Wall: consumers want the data shaped for their use case

Build 11 ended with a victory. The Razorpay payments Postgres now emits a faithful stream of every change — every insert, every update, every delete, every schema migration, every transaction boundary — into a Kafka topic. The pipeline that started this build with a 2:47 a.m. page about ₹40 lakh missing is now silent at 2:47 a.m. because the data is correct. Then on Tuesday afternoon, five different teams turn up at the data team's desk in Whitefield with five different requests, and every request is reasonable, and not a single one can be served by reading the Kafka topic directly. This is the wall that opens Build 12.

A faithful CDC stream is the right shape for one consumer: another database that wants to mirror the source. Every other consumer — the warehouse, the search index, the dashboard, the ML feature store, the audit ledger — wants the data ground, sliced, joined, or columnarised differently. Trying to spawn one pipeline per consumer scales as O(consumers × producers), and that is the wall the lakehouse exists to break.

The five Tuesday-afternoon requests

Sit at the data team's desk for one afternoon in a Bengaluru fintech and listen to what people ask for. The shapes are predictable across companies because the consumer roles are predictable.

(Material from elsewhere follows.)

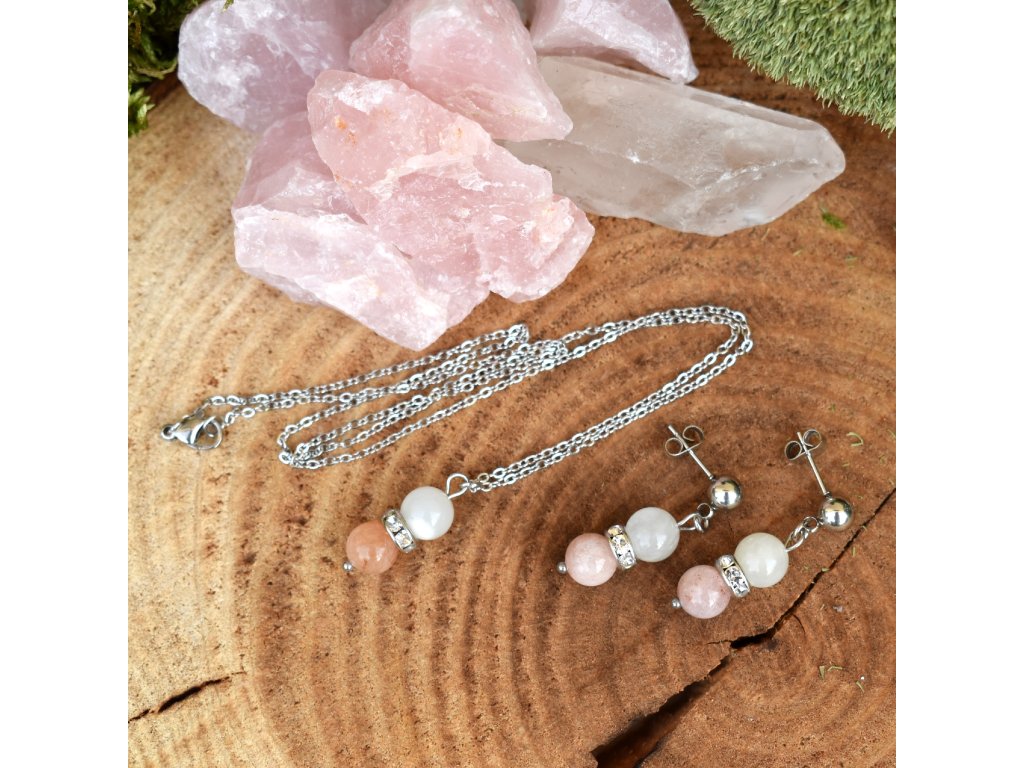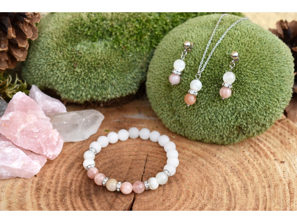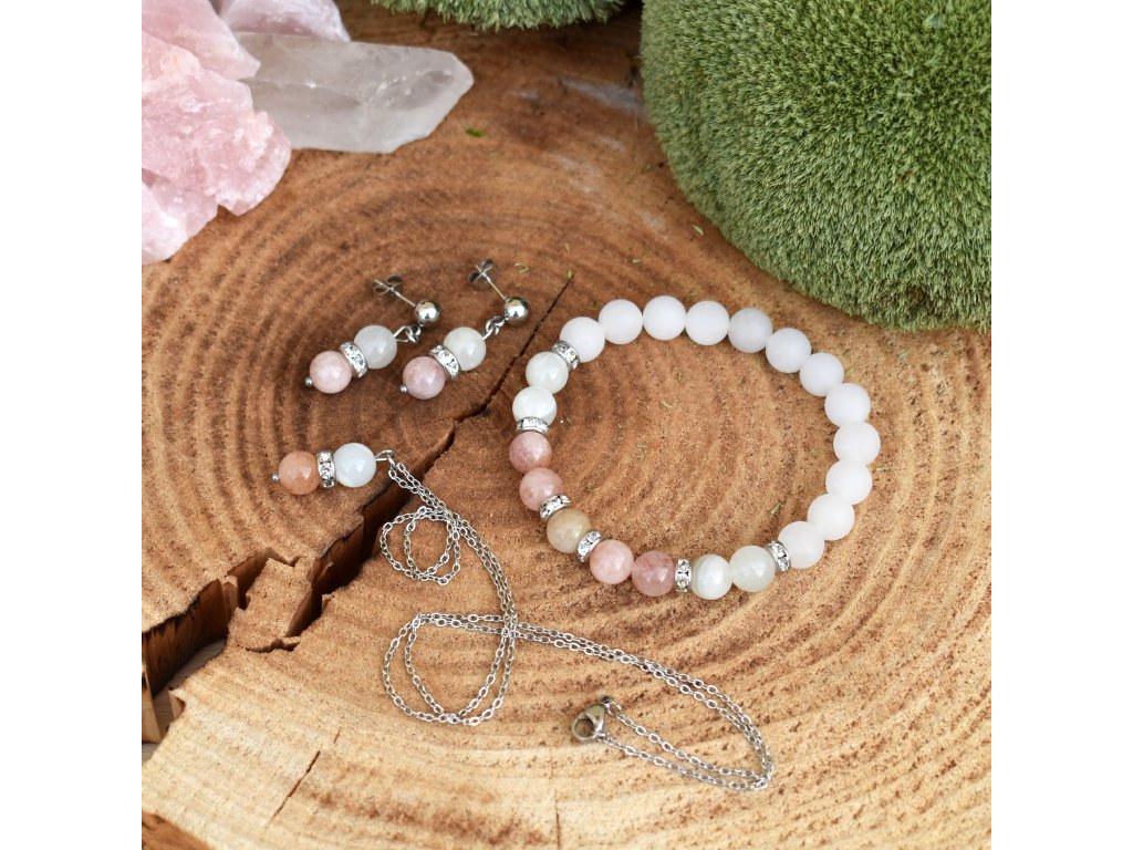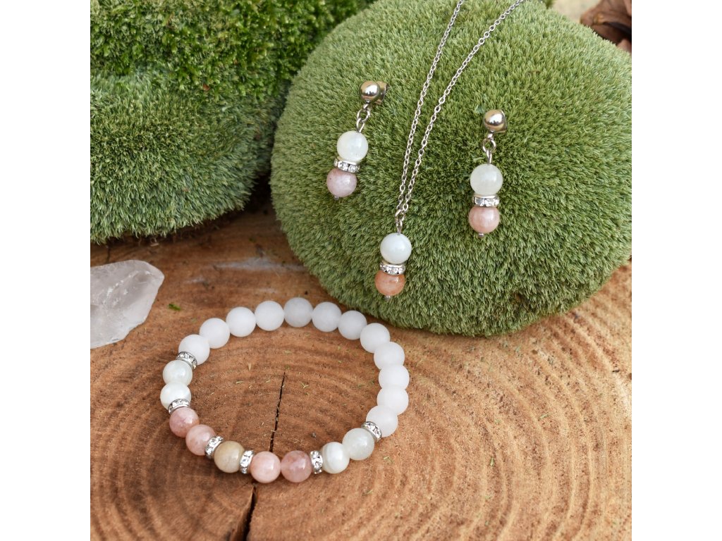 Tato ručně vyráběná souprava šperků z naší dílničky z drahých kamenů broskvového morganitu, bílého měsíčního kamene a matného bílého nefritu je ochranným amuletem lásky, sebelásky a partnerských vztahů. Dodává nám odvahu k projevům romantické i vášnivé lásky a vytváří prostor potřebný k tomu, abychom si skutečně mohli užívat partnerského života. Aktivuje a pročišťuje srdeční čakru, do života plného stresu přináší uklidnění a blahodárně působí na naši duševní rovnováhu a harmonii. Tento účinný amulet vás upozorní na dosud přehlížené potřeby duše, pomáhá rozpoznávat nenaplněné citové potřeby a nevyjádřené emoce. Skvěle funguje při zahánění negativních pocitů, myšlenek a energií. Zlepšuje komunikaci mezi partnery, posiluje ženskou energii a udržuje ji v rovnováze s tou mužskou.

Five reasonable asks. Five different shapes. Read them again — Finance wants a wide, joined, columnar batch table; Search wants a denormalised JSON document, one per row, indexed for full-text; Fraud wants per-key materialised views with rolling windows; ML wants temporally-correct training data plus an online cache; Audit wants every historical version with snapshot-isolated reads.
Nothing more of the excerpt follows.